The relationship between the tropical cyclone motion and strength is generally closest when strength is evaluated between 3–5 degrees latitude radius (so approximately 300–500 km).206,207 Indeed, tropical cyclone propagation speed increases and its direction210 has a more westward component for increasing storm strength. The size of a tropical cyclone also relates to its propagation speed, but not its direction of propagation: larger tropical cyclones have a larger propagation speed than smaller storms.98,210,217,218

So more intense storms must also move more quickly—right? NO! Storm intensity is only weakly, and indirectly, related to its motion. One study of tropical cyclones in the Australian region has demonstrated that tropical cyclone intensity is linked to the layer over which the environmental winds advect the storm,207 but no significant link has been drawn between propagation and tropical cyclone intensity.210

Finally, vertical variation of both the tropical cyclone and its environment mean that its motion is not strictly that expected from barotropic dynamics. Vertical wind shear can affect the distribution of convection in the tropical cyclone. This can feed back onto the storm structure and so to the storm motion.

In summary, a tropical cyclone moves through a combination of advection by the average tropospheric winds of its environment and propagation due to the vorticity gradients of the Earth and its environment (including other tropical cyclones in Fujiwhara interactions), as well as variations in motion due to horizontal and vertical wind shear.

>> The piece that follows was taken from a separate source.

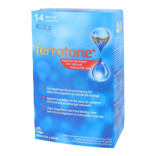 Ferrotone® ist ein natürlich vorkommendes eisenreiches Wasser, das direkt aus seiner natürlichen Quelle gewonnen wird. Das speziell filtrierte Wasser hat einen hohen Eisengehalt und ein Tagesportionsbeutel Ferrotone® Original leistet so einen gezielten Beitrag zur täglichen Eisenversorgung.

The structure of the tropical cyclone (its size and inertial stability) will impact how the storm responds to all of these contributors to its motion: larger storms will have a larger propagation component of their motion; stronger storms will have a larger deviation between the direction of the advection and their motion; and the choice of the depth of the troposphere needed to calculate the environmental advection of the storm is weakly related to the storm intensity.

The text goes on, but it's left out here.